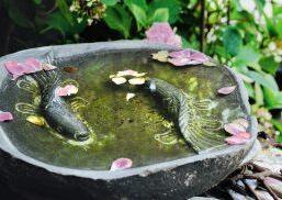 30 Vogeltränke ‘Fisch’ ausNatursteinfindlingen, Steinmetzarbeit,øca. 45cm €118,– Art. 153191
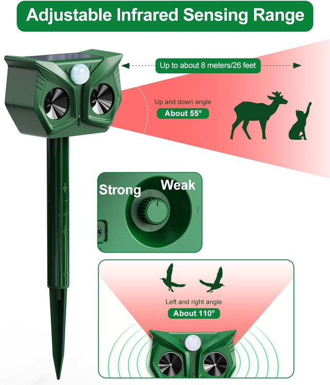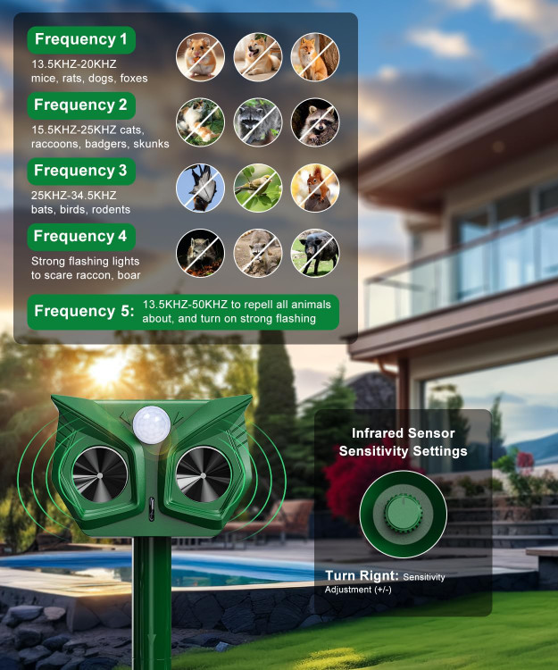 【حالتهای حساسیت قابل تنظیم】 این دستگاه دفع گربه اولتراسونیک با ۵ سطح حساسیت قابل انتخاب طراحی شده است که به شما امکان کنترل انعطافپذیر بر روی محدوده تشخیص را میدهد. چه بخواهید حیوانات کوچکتر مانند گربه، سگ و پرندگان را فراری دهید و چه حیوانات بزرگتر مانند گراز وحشی، سنجاب، راکون یا گوزن، میتوانید تنظیمات را برای رسیدن به بهترین نتیجه تنظیم کنید.
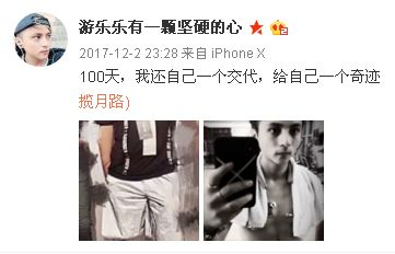 功夫不负苦心人,第一个月,游乐乐减重了20斤,第二个月,游乐乐减重了40斤。11月27号,也就是游乐乐开始减肥的三个月后,他的体重跌破了100斤。“其实,我一开始没想减那么多的,就是一直觉得效果不明显,从减20斤开始,一点点增加。那天早上我被自己吓坏了,从那时起,我就停止减肥了,开始增肌,现在的体重大概是110斤左右。”游乐乐说。
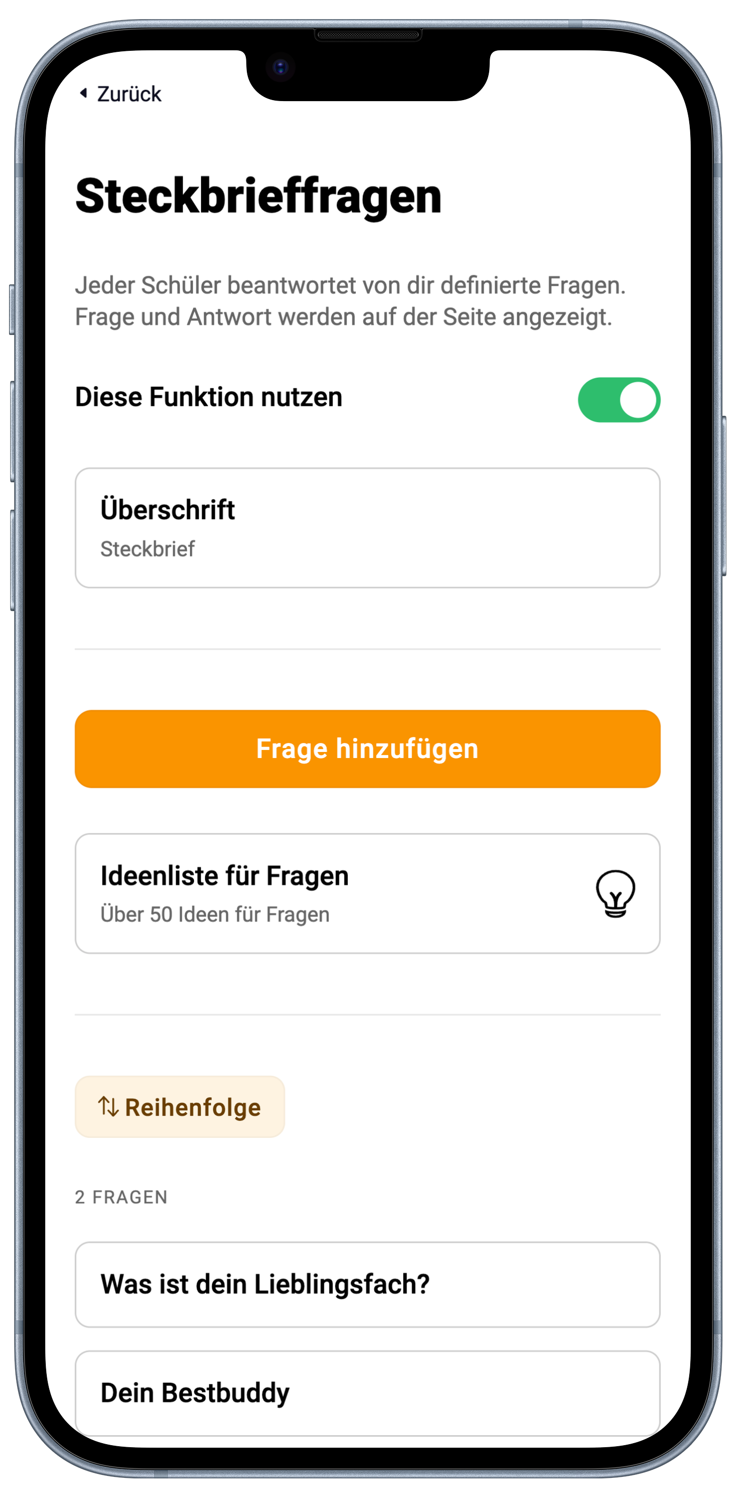 Sobald es mehr als eine Frage gibt, kann auch die Reihenfolge angepasst werden. Dies ist über den Button “Reihenfolge” möglich.
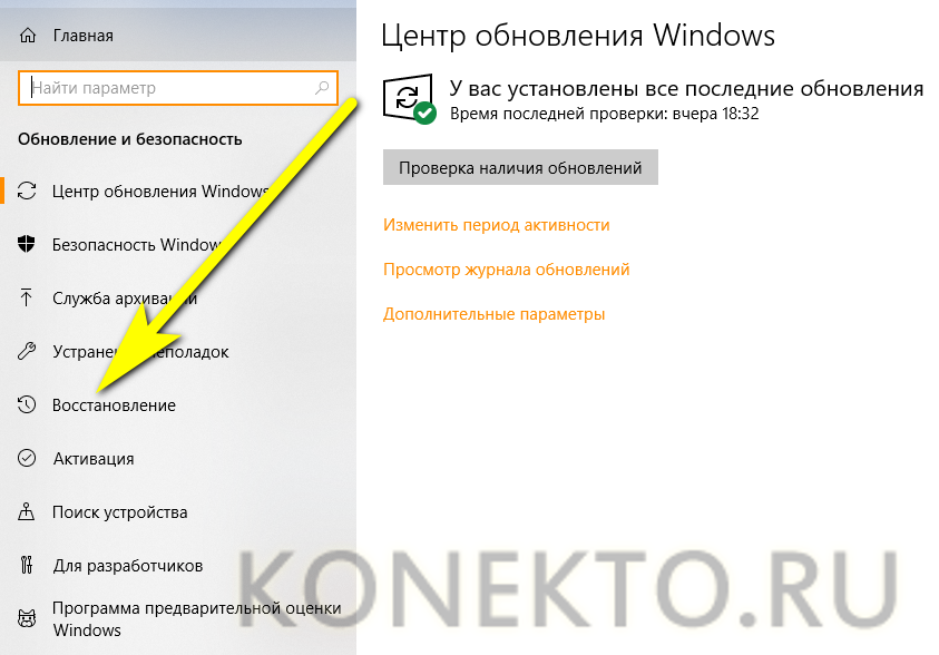 Переключиться на вкладку «Восстановление».
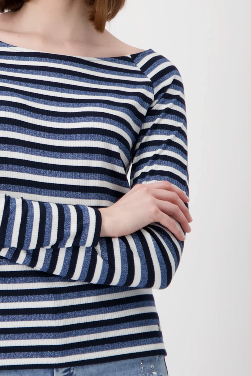 Пуловер MONARI с длинными рукавами, блестящим люрексом и модным полосатым узором.
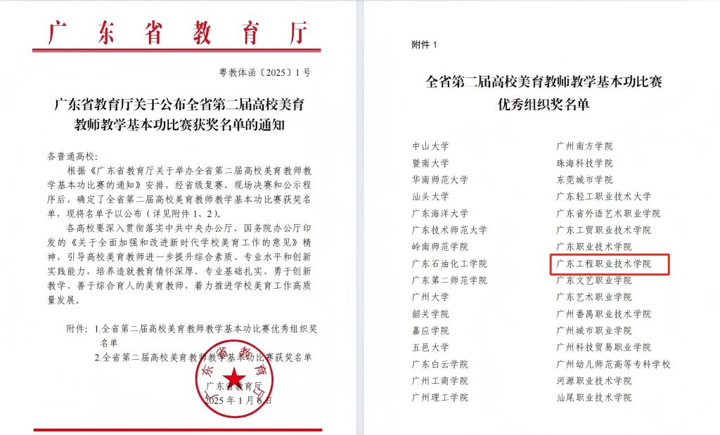 近日,广东省教育厅发布了关于公布全省第二届高校美育教师教学基本功比赛获奖名单的通知(粤教体函〔2025〕1号)。我校艺术设计学院教师施焦、温洁芸、徐谌榕、李源雨获得一等奖,邓秀兰、黄千、郑玲玲老师获得二等奖,陈菁晖老师获得三等奖,共8项省级奖项。学校被授予优秀组织奖。
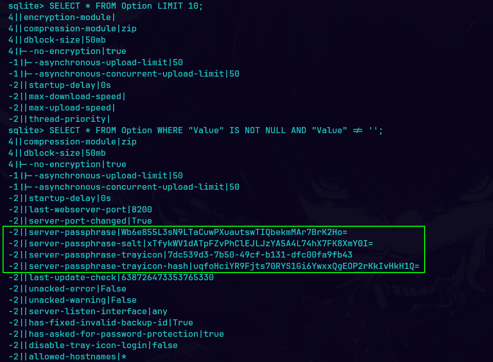 Sobre Duplicati-server.sqlite en la tabla option visualizo “passphrase”
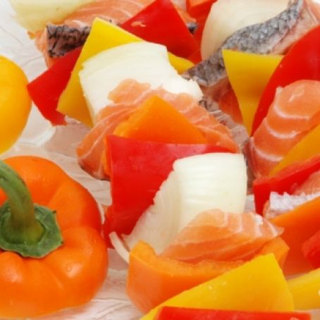 Comporre gli spiedini, alternando i peperoni, la cipolla e il salmone.
□ □ □ □ □ □ □
▶ _WORK ITEM_:
Restate the listing word for word and drop the pictures.

▶ _ANSWER FOR THE TASK_:
 30 Vogeltränke ‘Fisch’ ausNatursteinfindlingen, Steinmetzarbeit,øca. 45cm €118,– Art. 153191
 【حالتهای حساسیت قابل تنظیم】 این دستگاه دفع گربه اولتراسونیک با ۵ سطح حساسیت قابل انتخاب طراحی شده است که به شما امکان کنترل انعطافپذیر بر روی محدوده تشخیص را میدهد. چه بخواهید حیوانات کوچکتر مانند گربه، سگ و پرندگان را فراری دهید و چه حیوانات بزرگتر مانند گراز وحشی، سنجاب، راکون یا گوزن، میتوانید تنظیمات را برای رسیدن به بهترین نتیجه تنظیم کنید.
 功夫不负苦心人,第一个月,游乐乐减重了20斤,第二个月,游乐乐减重了40斤。11月27号,也就是游乐乐开始减肥的三个月后,他的体重跌破了100斤。“其实,我一开始没想减那么多的,就是一直觉得效果不明显,从减20斤开始,一点点增加。那天早上我被自己吓坏了,从那时起,我就停止减肥了,开始增肌,现在的体重大概是110斤左右。”游乐乐说。
 Sobald es mehr als eine Frage gibt, kann auch die Reihenfolge angepasst werden. Dies ist über den Button “Reihenfolge” möglich.
 Переключиться на вкладку «Восстановление».
 Пуловер MONARI с длинными рукавами, блестящим люрексом и модным полосатым узором.
 近日,广东省教育厅发布了关于公布全省第二届高校美育教师教学基本功比赛获奖名单的通知(粤教体函〔2025〕1号)。我校艺术设计学院教师施焦、温洁芸、徐谌榕、李源雨获得一等奖,邓秀兰、黄千、郑玲玲老师获得二等奖,陈菁晖老师获得三等奖,共8项省级奖项。学校被授予优秀组织奖。
 Sobre Duplicati-server.sqlite en la tabla option visualizo “passphrase”
 Comporre gli spiedini, alternando i peperoni, la cipolla e il salmone.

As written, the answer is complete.